Его тон заставил собак вскочить. Их пасти раскрылись, а хвосты радостно завиляли.
XIII
О том, как друзья Дэнни поспешили на помощь даме в несчастье
Сеньора Тересина Кортес, ее восемь детей и ее дряхлая мать жили в уютном домике на краю глубокого оврага, который образует южную границу Тортилья-Флэт. Тересина была красивой матроной лет под тридцать. Ее матери, этой дряхлой, высохшей, беззубой старухе, обломку ушедшего поколения, было почти пятьдесят лет. Никто уже не помнил, что ее зовут Анхелика.
Все будние дни вьеха работала не покладая рук, ибо ей приходилось кормить, наказывать, уговаривать, одевать и укладывать спать семерых из восьми детей. Тересине хватало хлопот с восьмым и с приготовлениями к появлению девятого.
Но в воскресенье вьеха облачалась в черное атласное платье, еще более древнее, чем она сама, надевала мрачный и очень прочный головной убор из черной соломы, украшенный двумя почти настоящими вишенками из цветной замазки, и, сбросив с плеч бремя долга, решительным шагом направлялась в церковь, где сидела так же неподвижно, как святые в их нишах. Раз в месяц она ходила исповедоваться. Было бы любопытно узнать, в каких грехах она исповедовалась и когда находила время их совершать – ведь дом Тересины был переполнен ползунками, косолапиками, карапузами, плаксами, котоубийцами и мастерами падать с деревьев, и каждый из ее подопечных каждые два часа вопил, требуя еды.
Так стоит ли удивляться, что вьеха обладала безмятежной душой и стальными нервами. Будь они какими-нибудь другими, они давно уже с визгом вырвались бы из ее тела, как фейерверочные шутихи.
Рассудок Тересины был всегда словно подернут легким туманом. Тело же ее было идеальной ретортой для дистилляции детей. Первый младенец появился у нее в пятнадцать лет, и это ошеломило ее – настолько ошеломило, что она разрешилась им ночью в парке возле бейсбольной площадки и, завернув его в газету, оставила там до прихода ночного сторожа. Это была тайна. Даже сейчас ее раскрытие грозило Тересине некоторыми неприятностями.

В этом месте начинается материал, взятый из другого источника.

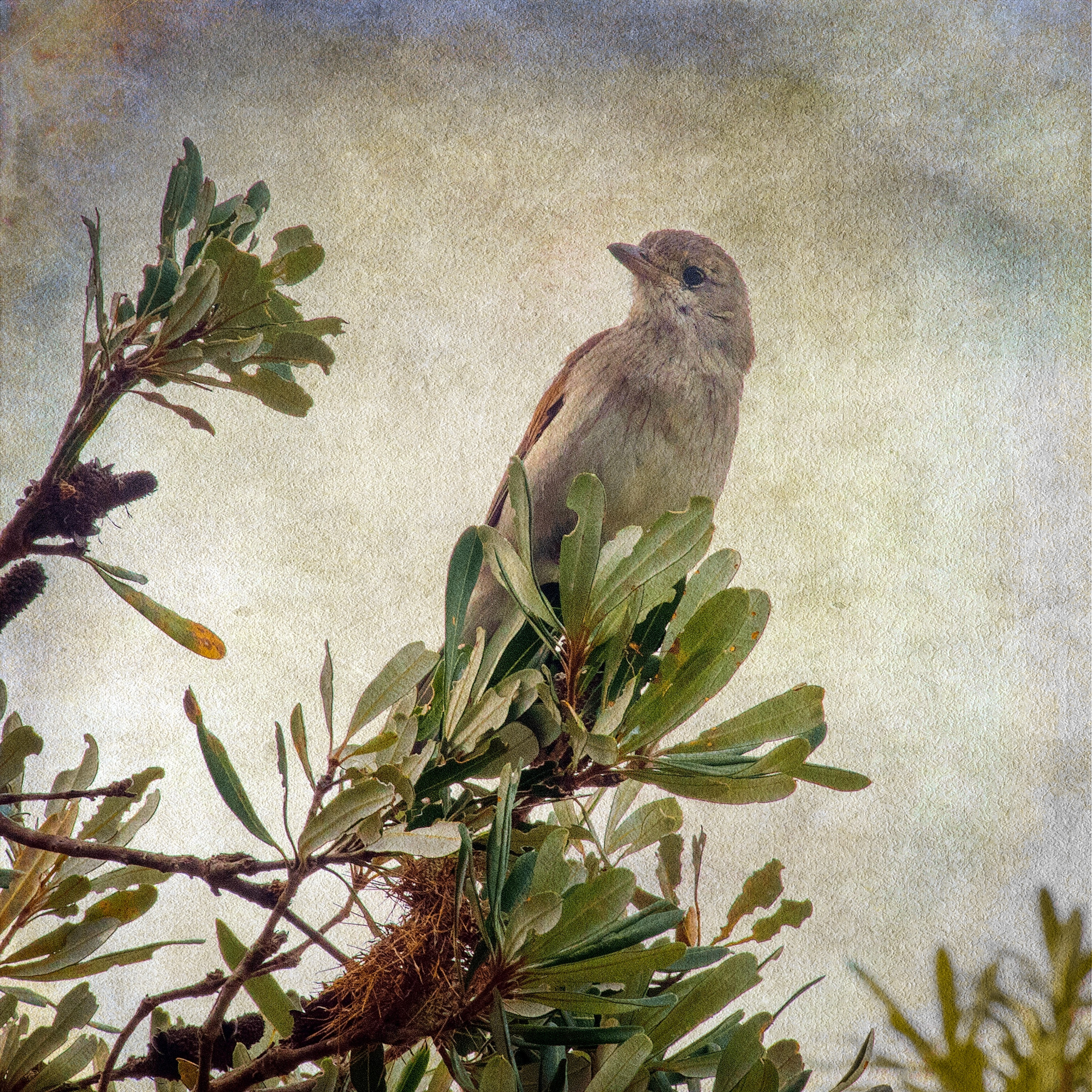 Under a gathering sky, a lone bird keeps watch, perched on a high vantage point. Original photograph with additional blended textural elements to create a cosy, painterly feel.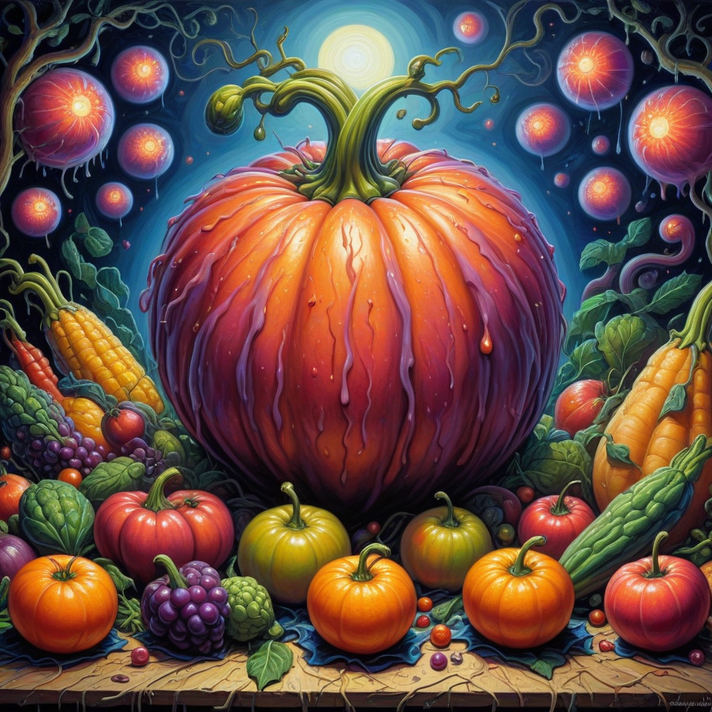 <lora:TrippyStyleSDXL:1>tr1ppystyle Surrealist oil painting, giant fruit and vegetables, twilight atmosphere, lost souls, twinkling lights, glowing orbs, vibrant colors, textured canvas, impressionistic brushstrokes, dramatic shadows, chiaroscuro, moody, whimsical, fantasy, dreamlike, ethereal, magical, otherworldly, detailed, intricate, surreal, imaginative, evocative, inspiring, thought-provoking, captivating, enchanting, awe-inspiring, breathtaking, visually stunning, high-resolution, fine art, masterpiece, signed and dated, limited edition, certificate of authenticity, archival quality, durable, long-lasting, timeless, heirloom quality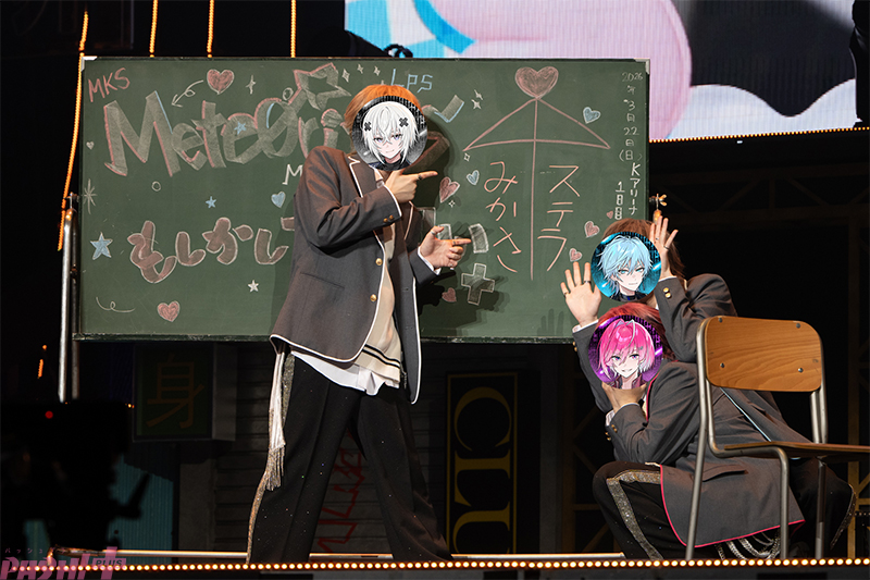 初披露となったトリオ曲でも会場は大いに盛り上がり、めておらの音楽性の幅広さを感じさせた。チャイムの音で始まったのはみかさ、メルト、Lapisによる「もしかして片想い」。制服風の衣装、教室を模した机や黒板のセット、きらきらとした青春のワンシーンを再現して歌われたキュートなラブソングだ。3人のお茶目な一面がクローズアップされ、かわいらしいやりとりや、ぬいぐるみを持ってのパフォーマンスに歓喜の声が鳴りやまない。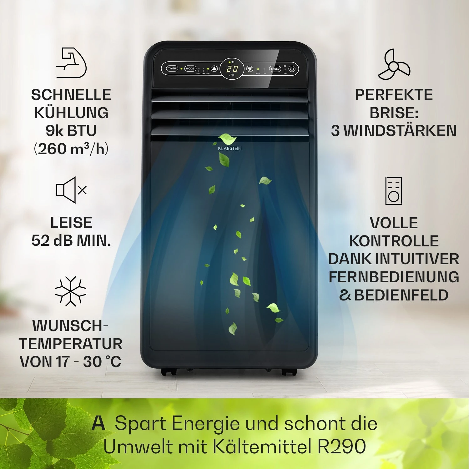Klarstein Metrobreeze 9 New York City Klimaanlage 9.000 BTU/2,6 kW Timer schwarz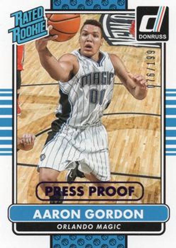 The Aaron Gordon 2014 Donruss #209 Press Proofs Purple /199 Rookie card is 1 of 28 Aaron Gordon's card variations in the 2014 Donruss set being tracked by Sports Card Investor, including Base, Swirlorama, Press Proofs Blue /99, Press Proofs Silver /25, and Press Proofs Gold /10.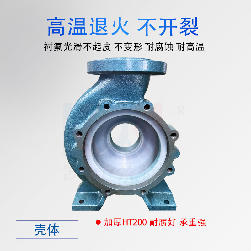 IHF次氯酸鈉泵,泵體采用金屬外殼內襯氟塑料(F46/PFA),泵蓋、葉輪均用金屬嵌件外包氟塑料(F46/PFA)整體燒結壓制而成,軸封采用外裝式波紋管機械密封,靜環選用氧化鋁陶瓷(或碳化硅),動環采用四氟填充材料,耐腐耐磨密封性好。泵的進出口均采用鑄鋼體加固,以增強了泵的耐壓性。 該泵具有耐腐、耐磨、耐高溫、不老化,機械強度高、運轉平穩、結構先進合理、密封性能可靠、拆卸檢修方便、使用壽命長等優點。適用于-20℃~120℃溫度條件下輸送任意濃度的硫酸、鹽酸、氫氟酸、硝酸、次氯酸鈉等強酸強腐蝕介質而不受損。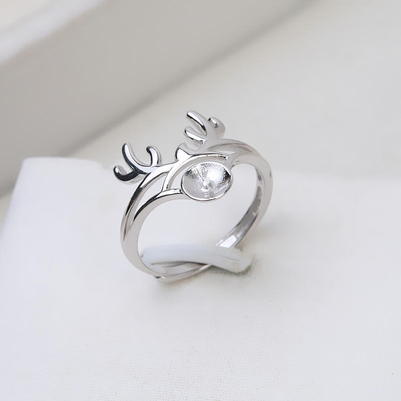 Anneau ouvert en argent S925 fait main, accessoires de perles DIY, support de perle creux en forme de bois de cerf, composants de bijoux, 153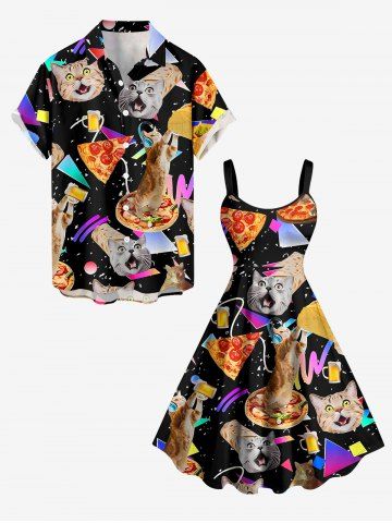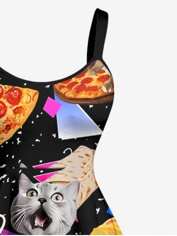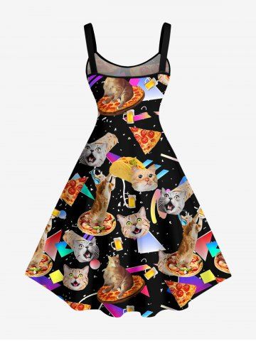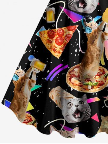Plus Size Cat Pizza Rolled Pancake Geometric Graphic Print Hawaii A Line Dress - Black - Xxs

Когда ей исполнилось шестнадцать лет, на ней женился мистер Альфред Кортес; он подарил ей свое имя и два краеугольных камня ее будущей семьи – Альфредо и Эрни. Мистер Кортес подарил ей это имя весьма охотно. Ведь он сам пользовался им лишь временно. Перед тем, как он приехал в Монтерей, и после того, как он оттуда уехал, его звали Гугльемо. Он уехал после того, как родился Эрни. Быть может, он предвидел, что брак с Тересиной не сулит ему спокойной жизни.
Регулярность, с какой она становилась матерью, всегда удивляла Тересину. Порой она не могла вспомнить, кто же отец будущего ребенка, а иногда почти склонялась к мысли, что отец вовсе и не обязателен. Даже когда она была помещена в карантин, как дифтерийный бациллоноситель, это ей не помогло. Однако, окончательно запутавшись в подобных сложностях, она имела обыкновение предоставлять решение вопроса Богородице, зная, что у той гораздо больше опыта, желания и времени для того, чтобы заниматься подобными вещами.
Тересина часто исповедовалась. Отец Рамон приходил из-за нее в отчаяние. Ведь он прекрасно видел, что в то время как руки, колени и губы Тересины каялись в прошлом грехе, ее томные потупленные глаза, сверкнув из-под опущенных ресниц, обещали свершение нового.
Пока я рассказывал все это, родился девятый ребенок Тересины, и она временно была свободна. Вьеха получила еще одного подопечного, Альфредо перешел в третий класс, Эрни – во второй, а Панчито поступил в первый.
В те дни в Калифорнии среди медицинских сестер стало модным посещать школы и расспрашивать детей о разных интимных подробностях их домашней жизни. Третьеклассник Альфредо был вызван к директору, потому что он показался медицинской сестре чересчур худым.
Сестра, прошедшая специальный курс детской психологии, ласково спросила:
– Фредди, ты кушаешь столько, сколько хочешь?
– Ага, – сказал Альфредо.
– Вот как? Скажи мне, что ты кушаешь на завтрак?
– Тортильи и бобы, – сказал Альфредо.
Сестра посмотрела на директора и скорбно покачала головой.
– А что ты кушаешь, когда приходишь домой обедать?
– Я не хожу домой.
– Разве ты днем ничего не кушаешь?
– Кушаю. Я приношу с собой бобы, завернутые в тортилью.